Ainda, ao comparar a violência sexual ocorrida na realidade virtual e fora dela, há que se considerar o dano causado por ambas. A realidade virtual promove a experiência de estar em um mundo virtual com uma perspectiva em primeira-pessoa, aumentando o senso de imersão e presença. É como se você estivesse fisicamente presente, experimentando aquilo tudo na vida real. Desse modo, quaisquer investidas ou comentários sexuais indesejáveis feitos virtualmente podem afetar psicologicamente a vítima da mesma forma que afetaria se ocorresse presencialmente.

No entanto, ainda não há lei ou tipificação específica para a violência sexual ocorrida em realidade virtual, sendo ainda tema de debate. A questão provoca divergência de opiniões e não há consenso sobre como o direito deve tratar do tema. Quem deveria ser responsabilizado? Apenas o agressor ou a empresa responsável pela tecnologia também deve responder? Como determinar a jurisdição do caso?

Há muito que se pensar. No entanto, o que definitivamente não deve ocorrer é o desdém que infelizmente as duas vítimas aqui citadas sofreram. Apenas um pedido de desculpas por parte da empresa responsável pelo jogo ou pela rede social com tecnologia de realidade virtual não são suficientes para reparar um dano à honra, a dignidade humana e ao psicológico de uma mulher que sofreu um abuso virtual muito real. 

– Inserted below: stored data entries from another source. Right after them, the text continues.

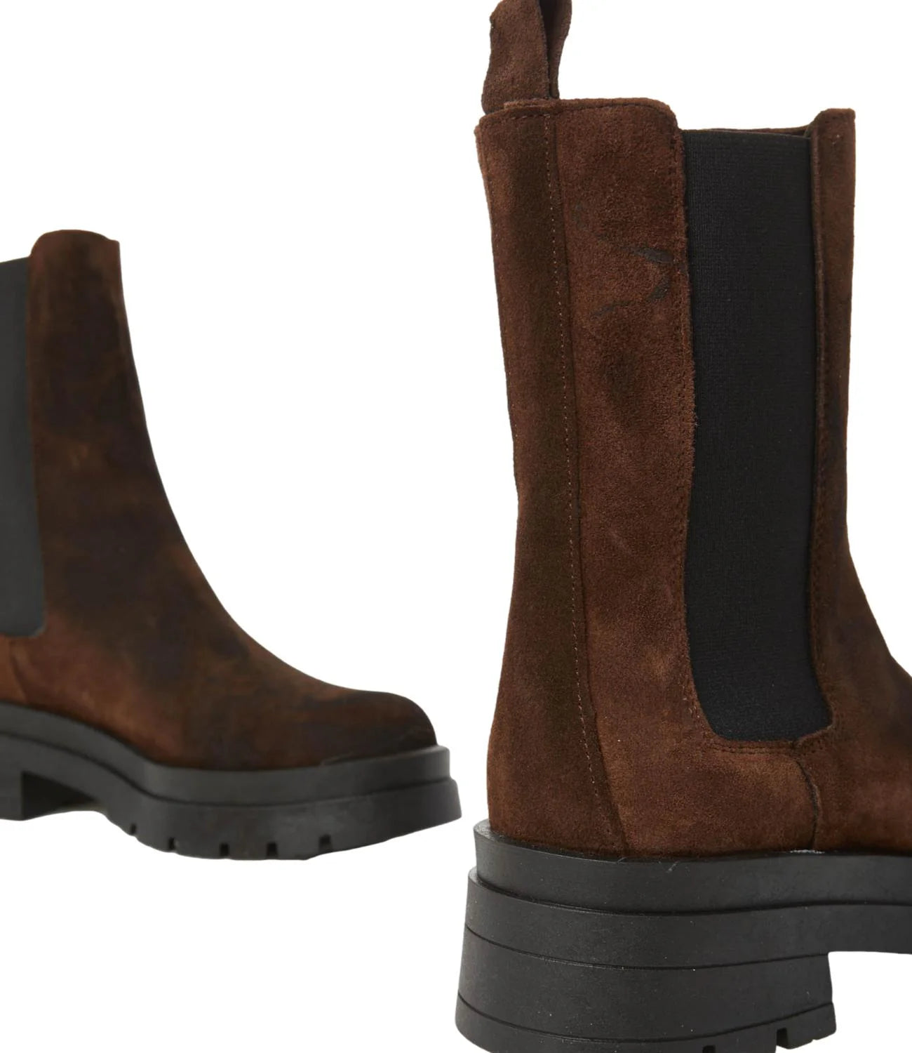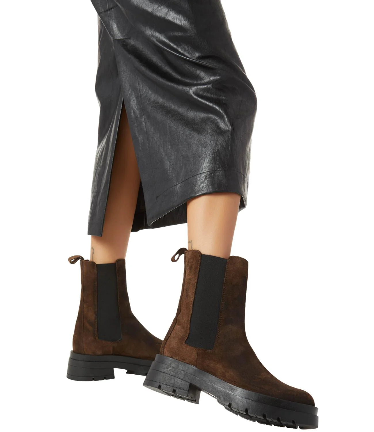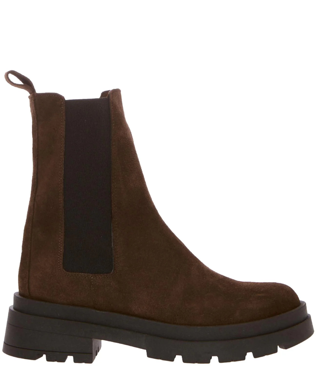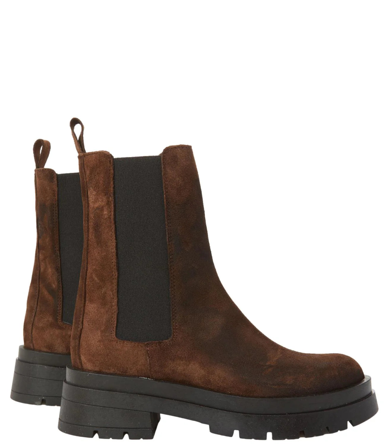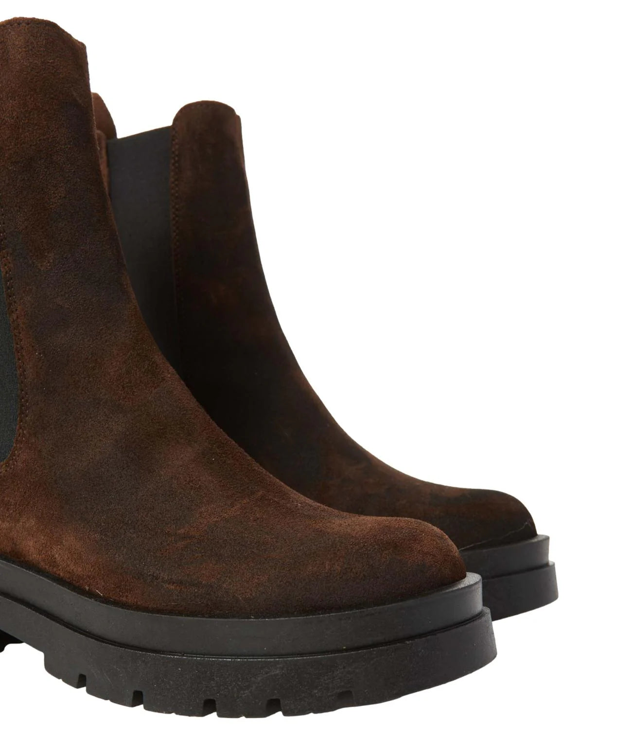 Stivaletto modello Beatles in camoscio con inserti elasticizzati neri , fondo in gomma carrarmato .
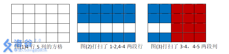 操场可以看成是N 行M 列的方格矩阵,如下图(1)是一个4 行5 列的方格矩阵。每个男生负责打扫一些连续的行,每个女生负责打扫一些连续的列。比如有两个男生,第一个男生负责第1、2 两行、第二个男生负责第4 行,如图(2)的蓝色。打扫的区域可能重复,比如,又有两个女生,第一个女生负责打扫第3、4 两列,第二个女生负责打扫第4、5 两列,如图(3)的红色。从图(3)可以容易看出,有颜色覆盖的方格数为18,即这4 名学生总共打扫了18 个方格。
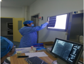该患者发现患乙型肝炎肝硬化10余年,既往有上消化道出血史,曾行3次胃镜下食管、胃底曲张静脉套扎及硬化治疗。3天前,患者再次出现呕血、黑便等症状收入市第八医院,因门脉高压,导致患者食管胃底曲张静脉破裂,伴大量出血,经内科治疗,出血不止,随时都有生命危险。而患者肝脏萎缩明显,不具备实施TIPS(经颈静脉肝内门腔静脉分流术)手术的条件。经皮经肝曲张静脉栓塞及粘堵术是救治门脉高压致食管胃底静脉曲张破裂大出血即时止血的一种有效方法,经与患者家属沟通,医院果断决定为患者行经皮经肝曲张静脉栓塞及粘堵术。由于门静脉内血栓形成、严重堵塞,手术难度极大,在西安交通大学附属第一医院教授、主任医师薛挥的指导下,历经近4个小时的手术奋战,最终手术取得圆满成功,患者转危为安。
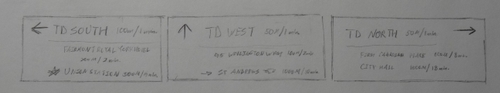 To provide users with directions upon exiting the underground PATH, signposts are to be placed near pedestrian walkways, with directed signs pointed towards the PATH entrance and nearby points of interests. This also establishes a boundary between the PATH system and the outside environment, helpings users better define the location of themselves and a destination with respect to the PATH.
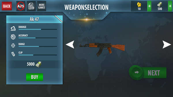 2、在关卡选择界面选定好第一关后,按照指示点击右侧绿色NEXT按钮,进入武器选择界面。
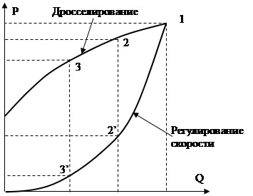 Аналогичные кривые можно построить и для центробежных насосов. Здесь изменение производительности обычно осуществляется дроссельными заслонками на выходе насоса. На рис. 3 представлен сравнительный график мощности, потребляемой насосом, в зависимости от расхода при регулировании дросселированием и частотном регулировании. Разность между значениями этими кривыми при заданном расходе позволяет определить экономию энергии при частотном регулировании по сравнению с регулированием дроссельной заслонкой.

Como bem mencionado pelo Desembargador do TJRJ Alcides da Fonseca Neto, em sede de julgamento de apelação: “O mundo virtual demanda hoje novas formas de soluções dos problemas da vida, ou mesmo que sejam aplicadas às novas realidades soluções pré-existentes. Por isso a internet e sua realidade virtual não podem ficar de fora dessa interação. Levando em conta uma interpretação evolutiva, afigura-se razoável impor à imagem virtual um valor, como ocorre com a imagem humana real, notadamente em casos concretos semelhantes, além do que sempre por trás de um participante de competição virtual existe uma pessoa com sentimentos e dignidade”.[5]

Para além de uma resposta do legislativo e do judiciário, devemos exigir mais responsabilidade dessas grandes empresas de tecnologia, que muito furtivamente estão repassando todo o ônus para as mãos dos usuários. Se nada mudar, o metaverso será mais um dos inúmeros espaços em que as mulheres não se sentem seguras.